1) remove comma separated tokens if empty or only blanks (optional),
2) group characters into code categories,
3) check catCodes returning alpha nums including even accented or diacritic letters as well as characters like [ -,.+_]
Function AlphaNum(ByVal s As String, _
Optional IgnoreEmpty As Boolean = True, _
Optional info As Boolean = False) As String
'Site: https://stackoverflow.com/questions/15723672/how-to-remove-all-non-alphanumeric-characters-from-a-string-except-period-and-sp/74679416#74679416
'Auth.: https://stackoverflow.com/users/6460297/t-m
'Date: 2023-01-12
'1) remove comma separated tokens if empty or only blanks (s passed as byRef argument)
If IgnoreEmpty Then RemoveEmpty s ' << [A] RemoveEmpty
'2) group characters into code categories
Dim catCodes: catCodes = getCats(s, info) ' << [B] getCats()
'3) check catCodes and return alpha nums plus chars like [ -,.+_]
Dim i As Long, ii As Long
For i = 1 To UBound(catCodes)
' get current character
Dim curr As String: curr = Mid$(s, i, 1)
Dim okay As Boolean: okay = False
Select Case catCodes(i)
' AlphaNum: cat.4=digits, cat.5=alpha letters
Case Is >= 4: okay = True
' Category 2: allow only space, comma, minus
Case 2: If InStr(" -,", curr) <> 0 Then okay = True
' Category 3: allow only point, plus, underline
Case 3: If InStr(".+_", curr) <> 0 Then okay = True
End Select
If okay Then ii = ii + 1: catCodes(ii) = curr ' increment counter
Next i
ReDim Preserve catCodes(1 To ii)
AlphaNum = Join(catCodes, vbNullString)
End Function
Note: Instead of If InStr(" -,", curr) <> 0 Then in Case 2 you may code If curr like "[ -,]" Then, too. Similar in Case 3 :-)
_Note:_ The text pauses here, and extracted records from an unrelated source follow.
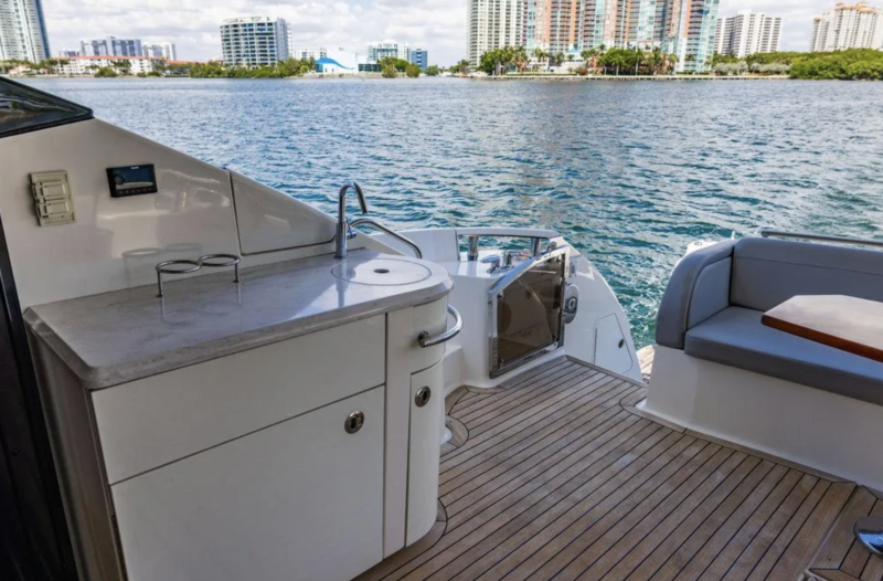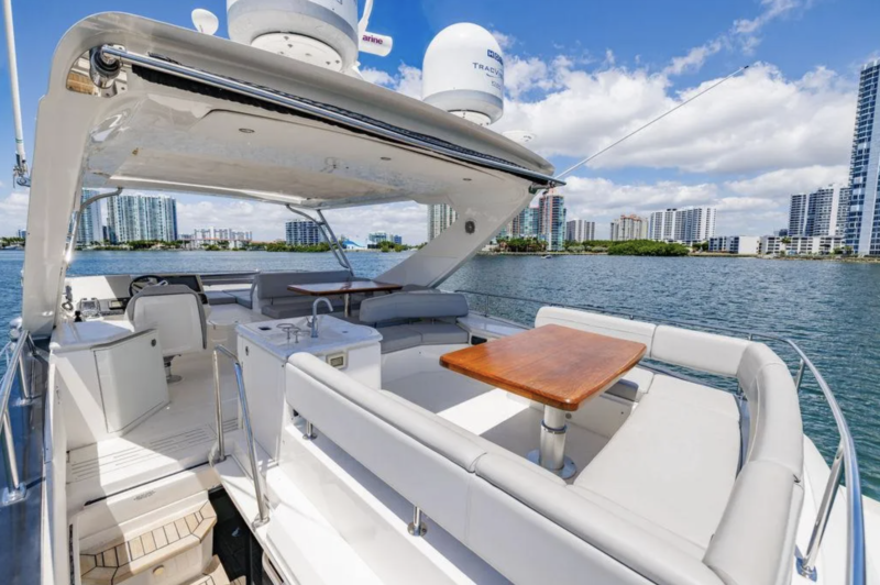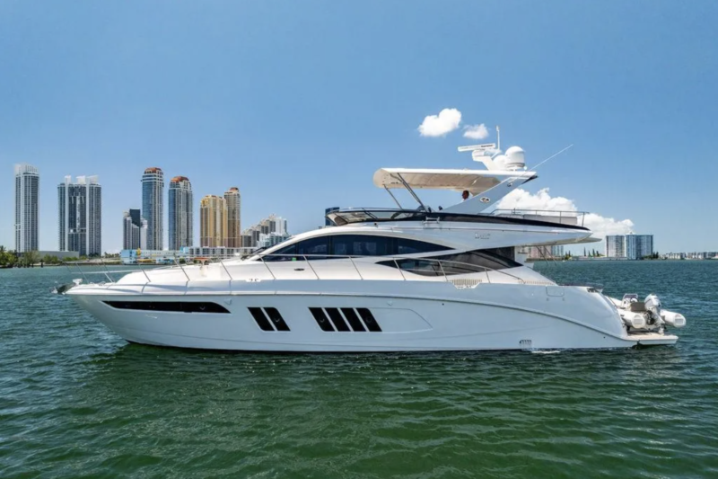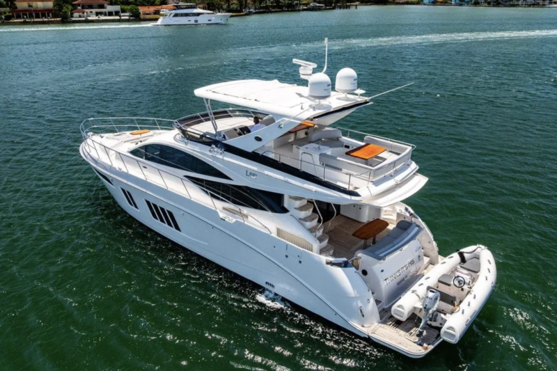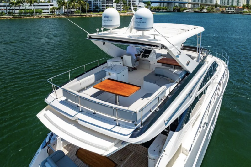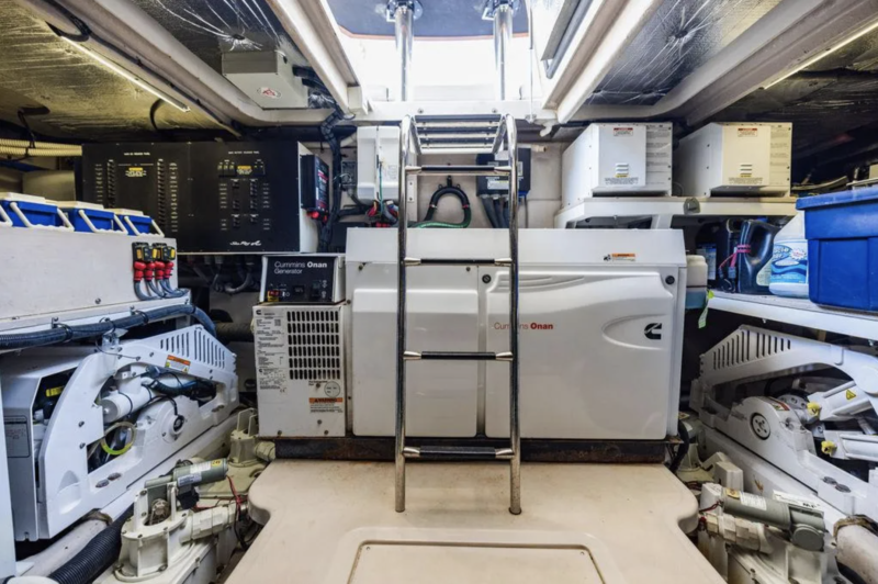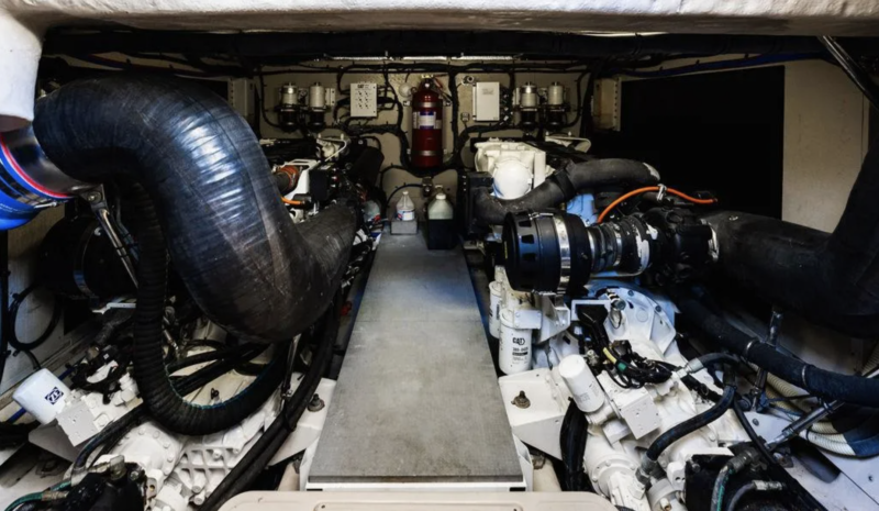 - Den drivs av 2st Caterpillar C-18-motorer med en sammanlagd effekt på 2300 hk ger en god marschfart på 25 knop. Den är också utrustad med 2 x Seakeeper Gyro-stabilisatorer som säkerställer att alla gäster färdas bekvämt oavsett förhållanden.
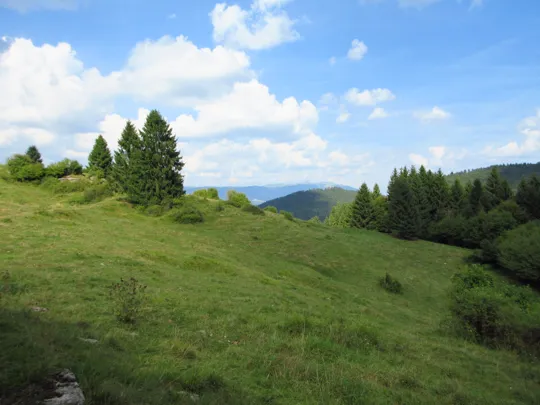Il sentiero che ci riporta a Cesuna ha degli scorci piacevoli sul Kubelek e sull'altopiano.
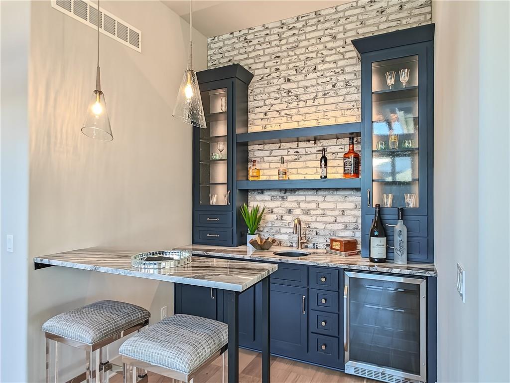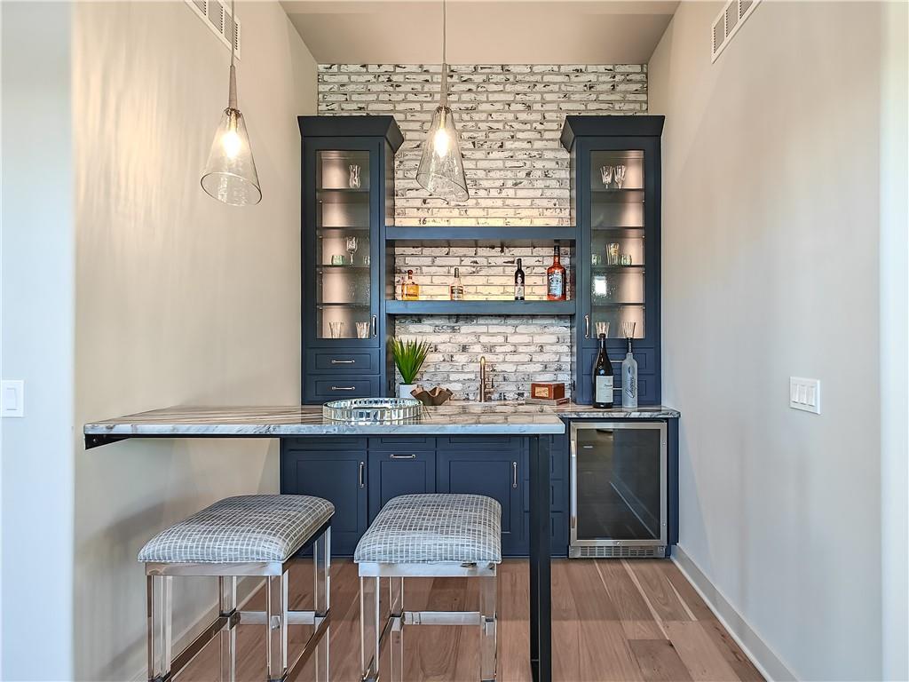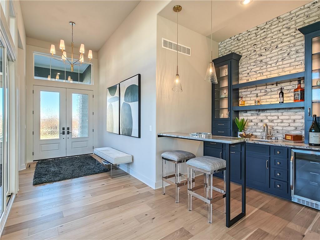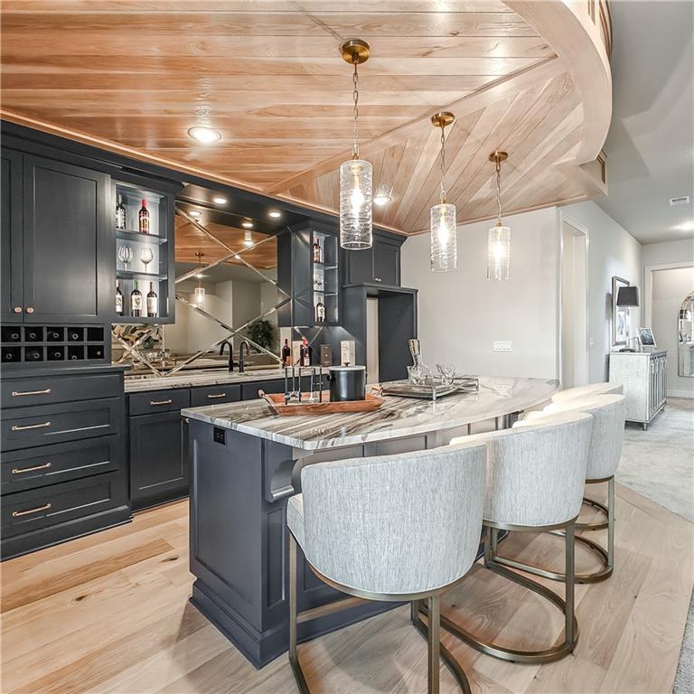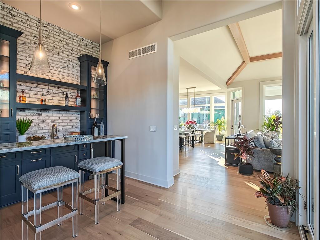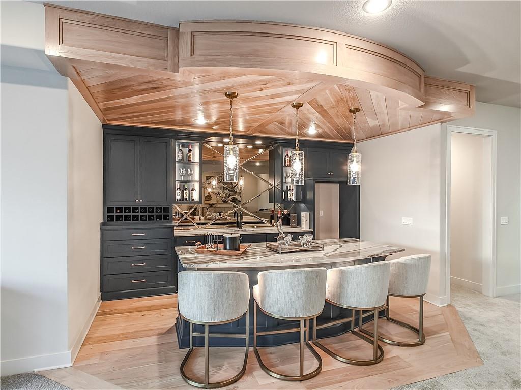 MODEL HOME - NOT FOR SALE. lot 178, Enticing Don Julian award winning Courtland Reverse plan under construction. Located in the Estates of Terrybrook Farms, lot 178. Incredible floor plan; great for the entertainer in you! Step into the entry where you are greeted with the bright office with adjacent exterior Courtyard filled with natural light. Beautiful kitchen with double sized island great for family get togethers or entertaining friends. Open great room opens to another patio for relaxing outdoors. The Primary Suite is gently tucked in the corner of the home for privacy and solitude. Towards the hall off the garage is a second bedroom with nice closet and bath. Overnight guests will love it! There is also a separate half bath!!The lower level features a dedicated bar, large open space for catching the latest movie or playing a game of pool or poker. Two additional bedrooms and bath finished off the living space. Step outside to the walk up walk out with great privacy. Stairs lead you to the upper level side of the home.
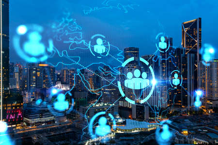 Hologram of social media icons over sunset panoramic cityscape of Bangkok, Southeast Asia. The concept of people connections and career opportunities. Multi exposure.
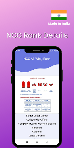 The ncc India app has details about the military and ncc ranks, workout, ncc commands, rifles, NCC song, training, and uniforms used in ncc . ncc India app includes audio for ncc commands and ncc song.
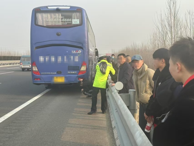 民警立即在客车后方停靠,摆放警示锥桶,转移车内乘客至护栏外侧,并联系路政部门来现场做安全防护。随后,民警对驾驶员车辆故障后未按规定设置警示标志,以及未及时转移车内人员的行为进行了批评教育。驾驶员称,车内40多名乘客来自潍坊某公司,包车去青岛参加当晚的年会,现公司负责人正联系其他客车前来转运。
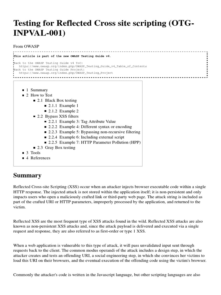 Retrieved from "https://www.owasp.org/index.php?title=Testing_for_Reflected_Cross_site_scripting_(OTG-
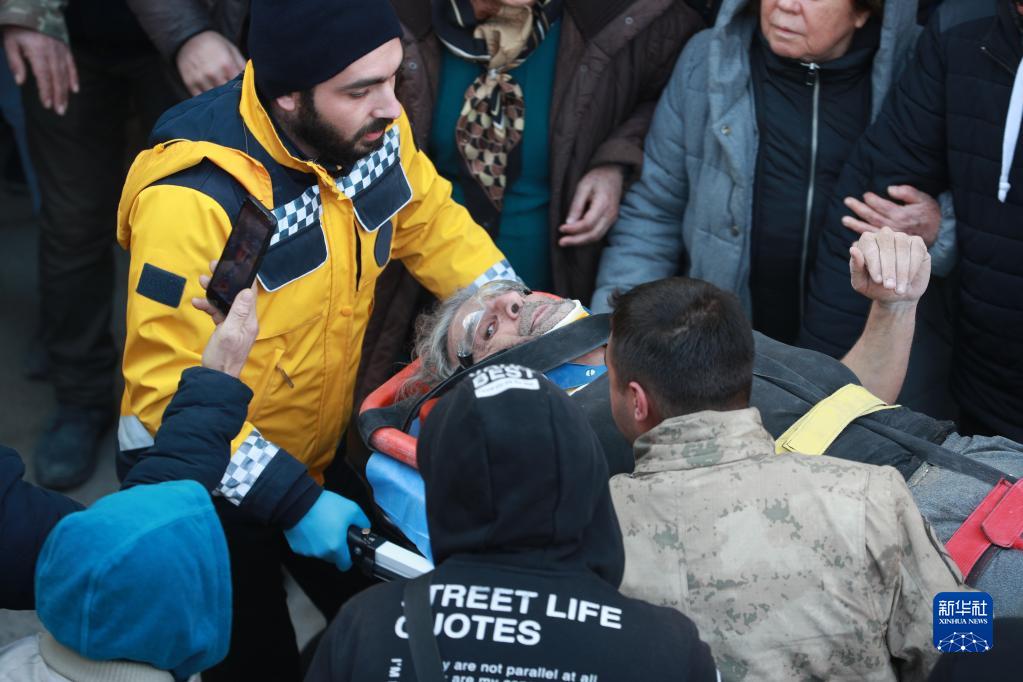 2月10日,救援人员在土耳其哈塔伊省安塔基亚市转移幸存者。
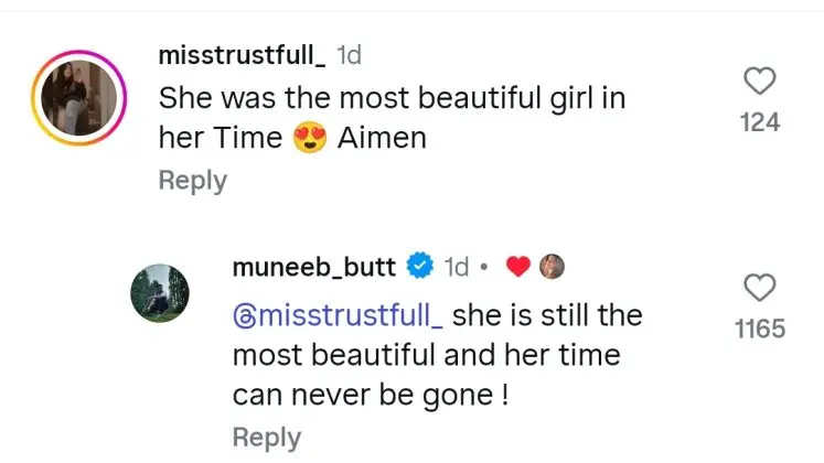 Instead of Aiman replying, Muneeb stepped in like a true supportive husband and showed his love by replying kindly. He wrote that she is still the most beautiful and her time can never be over.
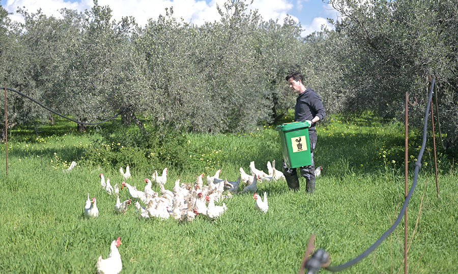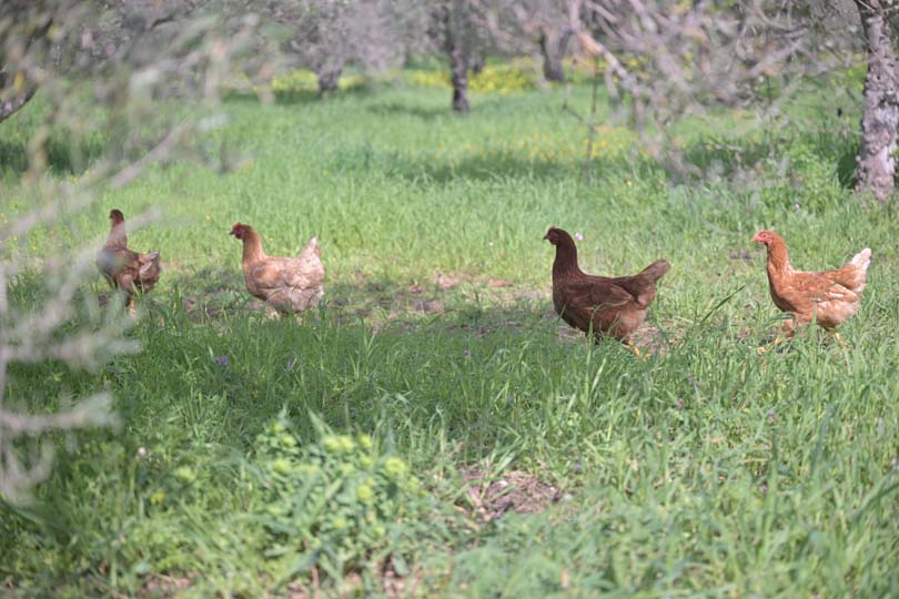 «Επειδή θέλω να σχεδιάσω ένα παραγωγικό οικοσύστημα, χρειάζεται να υπάρχουν ζώα για να επισπευσθεί ο κύκλος του άνθρακα» εξηγεί ο Νικολά. «Πρέπει οι πρασινάδες του εδάφους να γίνονται τροφή για ζώα και να μετατρέπονται σε λίπασμα. Τα λιπάσματα που χρησιμοποιούμε τώρα είναι βασικά κοπριά κότας που εισάγουμε από την Ιταλία. Τι χρειαζόμαστε συνεπώς; Κότες. Την ίδια ώρα, επειδή η Έλενα είναι χορτοφάγος και δεν θέλει να σκοτώνει ζώα, δεν επιθυμούμε να παράγουμε προϊόντα ζωικής προέλευσης. Όταν γίνουν δύο ετών, οι κότες σταματούν να κλωσούν αβγά ή κάνουν αβγά που είναι πολύ μικρά και συνήθως οδηγούνται στο σφαγείο, όπου γίνονται τροφή για σκύλους. Επινοήσαμε συνεπώς την ιδέα να φέρνουμε κότες στη δύση της… καριέρας τους. Η ιδέα ήταν να φέρνουμε τέτοιες κότες, να συνταξιοδοτούνται στη δική μας φάρμα, να τρώνε τις πρασινάδες στο χώμα, να γονιμοποιούν τα δέντρα και να ελέγχουν τα παράσιτα, όπως αυτά που πέφτουν από τις ελιές και οι κότες τα ανακατεύουν και τα τρώνε. Με αυτόν τον τρόπο γλιτώνουμε κι από τα έξοδα λιπάσματος».
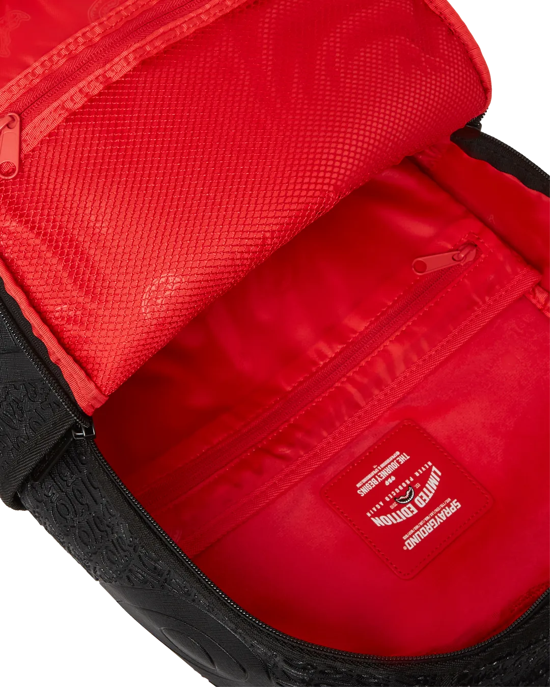 Dimensions: 18″ x 6″ x 11.5″ ? Front zipper pocket ? Side pockets ? Zippered Stash pocket ? Separate velour sunglass compartment ? Ergonomic mesh back padding ? Adjustable Straps for custom sizing ? Gold zippers with metal hardware ? Metal “Sprayground Authentic” badge ? Slide through back sleeve connects to carry-on luggage to free your hands
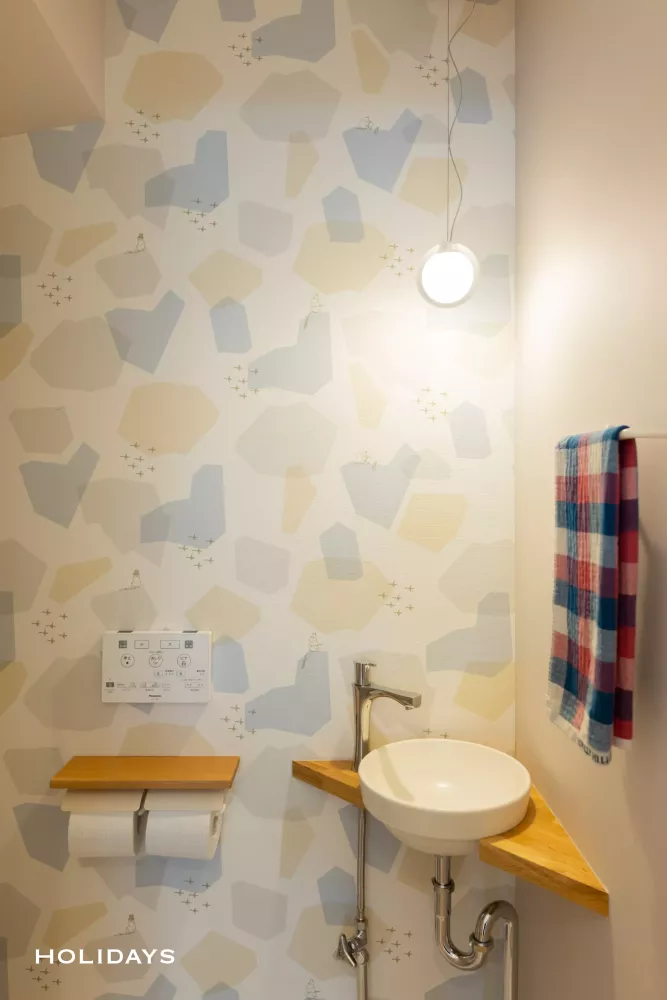 トイレにはコーナー部分をうまく活用した造作手洗器を設置。かわいらしい球体のペンダントライトが印象的

[A] Helper procedure RemoveEmpty
Optional clean-up removing comma separated tokens if empty or containing only blanks:
Sub RemoveEmpty(ByRef s As String)
'Purp: remove comma separated tokens if empty or only blanks
Const DEL = "$DEL$" ' temporary deletion marker
Dim i As Long
Dim tmp: tmp = Split(s, ",")
For i = LBound(tmp) To UBound(tmp)
tmp(i) = IIf(Len(Trim(tmp(i))) = 0, DEL, Trim(tmp(i)))
Next i
tmp = Filter(tmp, DEL, False) ' remove marked elements
s = Join(tmp, ",")
End Sub
[B] Helper function getCats()
A tricky way to groups characters into five code categories, thus building the basic logic for any further analyzing:
Function getCats(s, Optional info As Boolean = False)
'Purp.: group characters into five code categories
'Auth.: https://stackoverflow.com/users/6460297/t-m
'Site: https://stackoverflow.com/questions/15723672/how-to-remove-all-non-alphanumeric-characters-from-a-string-except-period-and-sp/74679416#74679416
'Note: Cat.: including:
' 1 ~~> apostrophe '
' 2 ~~> space, comma, minus etc
' 3 ~~> point separ., plus etc
' 4 ~~> digits 0..9
' 5 ~~> alpha (even including accented or diacritic letters!)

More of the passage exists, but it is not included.